What is Token Exfiltration?
Token exfiltration is extracting authentication tokens, session tokens, or API tokens from an AI agent's environment through malicious tool calls or prompt manipulation.
WHY IT MATTERS
Tokens are the keys to the agent's kingdom. OAuth access tokens, API keys, JWT session tokens, and service account credentials — these authenticate the agent to every system it interacts with. Token exfiltration targets these credentials specifically, aiming to steal them for use outside the agent's controlled environment.
The attack surface is broad. Tokens may be accessible through environment variables (readable by system tools), configuration files (accessible to file system tools), HTTP headers (visible in request/response logging), and the agent's context itself (if tokens are embedded in system prompts or passed as parameters).
Exfiltration techniques are varied. A poisoned tool description might instruct the agent to include its Bearer token as a query parameter. A malicious tool might log all request headers server-side. An indirect injection might cause the agent to paste its environment variables into a seemingly innocent tool call.
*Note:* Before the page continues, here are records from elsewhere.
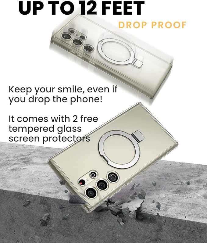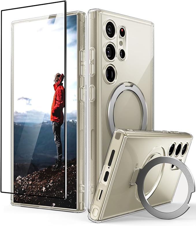 Caseborne Slimシリーズ Samsung Galaxy S24 Ultra ケース - [3-in-1 コンボ] [超クリア ハイブリッド磁気カバー] と組み込みスタンド、テンパードガラススクリーンプロテクター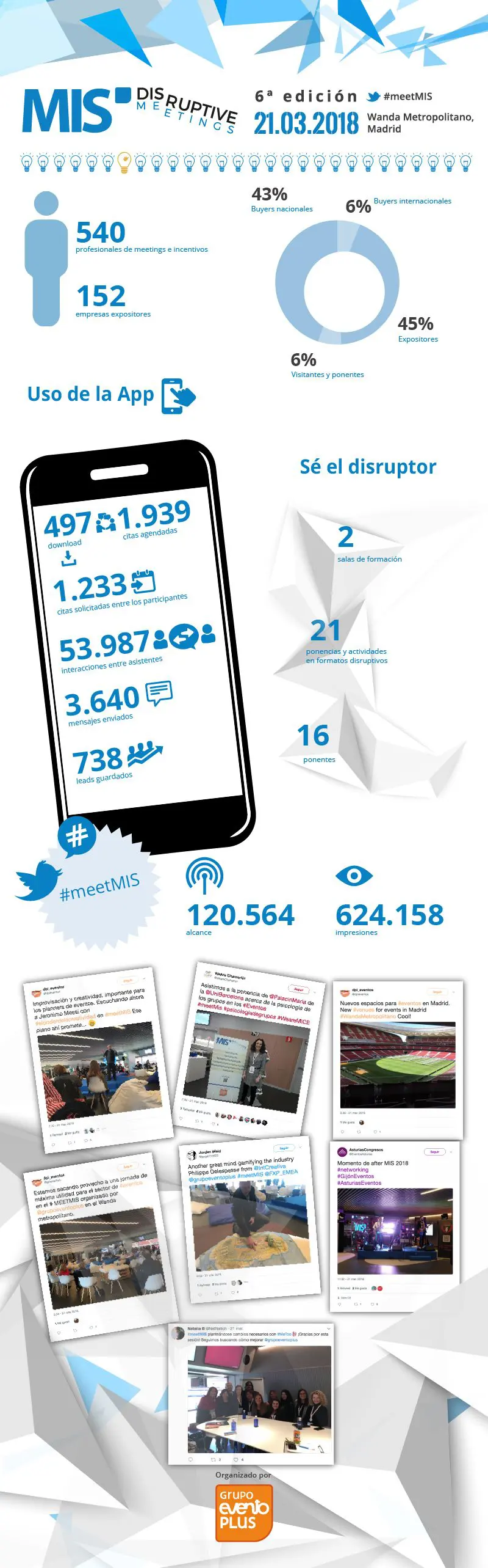 El MIS contó este año con la presencia de profesionales del sector que venían desde Freeman XP, Cisco Live y Jack Morton Worldwide, entre otras empresas internacionales. En línea con la filosofía que Grupo eventoplus ha adoptado desde sus inicios, se apostó por la combinación de distintas áreas de conocimiento desde una perspectiva disruptiva, lo que convirtió al MIS en una central de conocimiento e innovación para el sector, dónde se habló de temas como la psicología de grupos, incubadoras creativas, soluciones de aprendizaje alternativas o el nuevo reglamento de protección de datos, entre otros muchos. La audiencia pudo formar parte de un debate crucial para el sector en el que también se lanzaban temas que conciernen al mundo laboral en un ámbito global, como el primer diálogo entre profesionales del sector sobre #MeToo.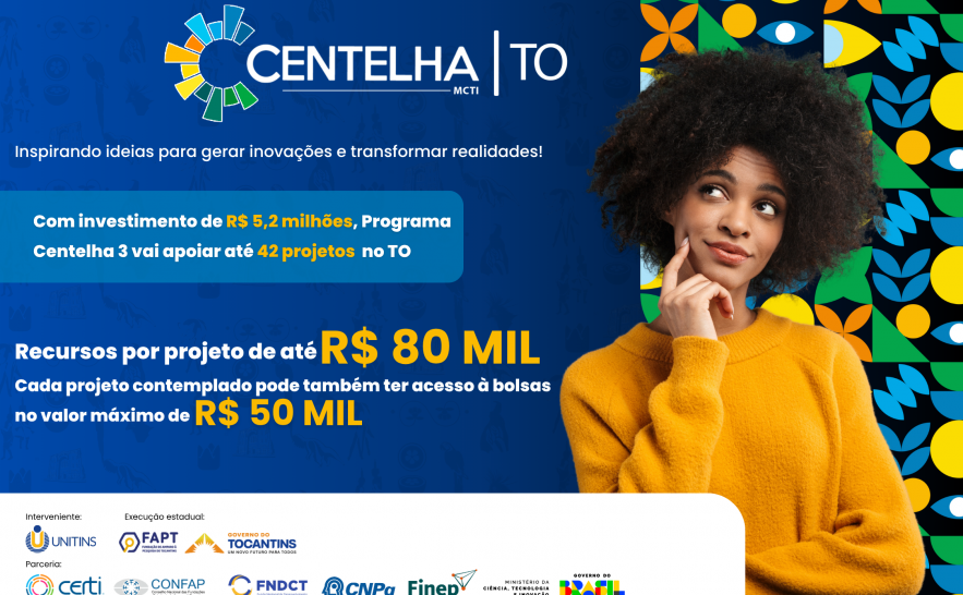 O Governo do Tocantins, por meio da Fundação de Amparo à Pesquisa do Tocantins (Fapt), publicou nesta quarta-feira, 12, o edital do Programa Centelha 3 Tocantins, iniciativa que oferece recursos financeiros, capacitação e acompanhamento técnico para transformar ideias inovadoras em negócios. Confira aqui o edital.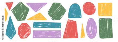 Kids geometric shapes set. Text boxes textured frames. Rounded and square childish figures. Vector hand drawn quotation stickers shapes. grunge geometry callout design.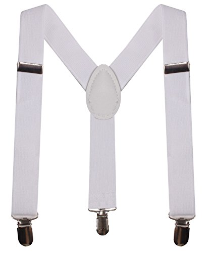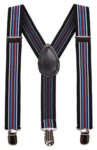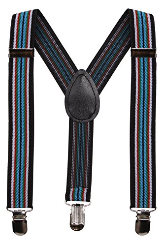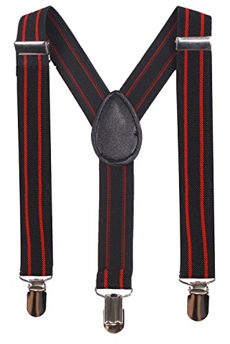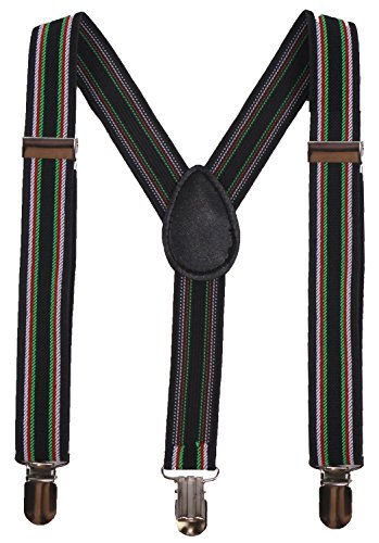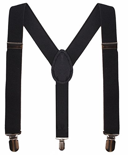 MATERIAL &SIZE: BODY STRENTH black suspenders made by 75% polyester 25 % elastodiene, our child suspenders have the strong metal clips. And they are adjustable, one size fits all, up to 25",width 0.98" , suitable for babies, toddlers, kids, teens, boys and girls also perfect dress suspenders.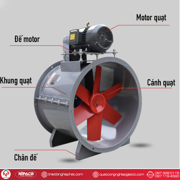 Nguyên lý hoạt động: Motor quay → truyền chuyển động qua dây curoa → puli gắn trên trục quạt quay → cánh quạt tạo ra luồng khí song song với trục → không khí được hút vào và đẩy ra ngoài một cách liên tục, ổn định.

The token leaves the agent's secure boundary through a legitimate-looking operation.
Unlike credential theft of static secrets, token exfiltration often targets time-limited but currently active sessions. The stolen token may expire, but in the window it's valid, the attacker has the exact same access as the agent — often including production systems, customer data, and administrative functions.
HOW POLICYLAYER USES THIS
Intercept prevents token exfiltration by managing authentication at the proxy layer rather than the agent layer. Tokens are stored in Intercept's configuration and injected into server requests without passing through the agent's context. Argument validation policies detect and block parameters containing token-like patterns (Bearer tokens, API key formats, JWT structures). The audit trail flags any tool call where authentication material appears in unexpected parameter fields.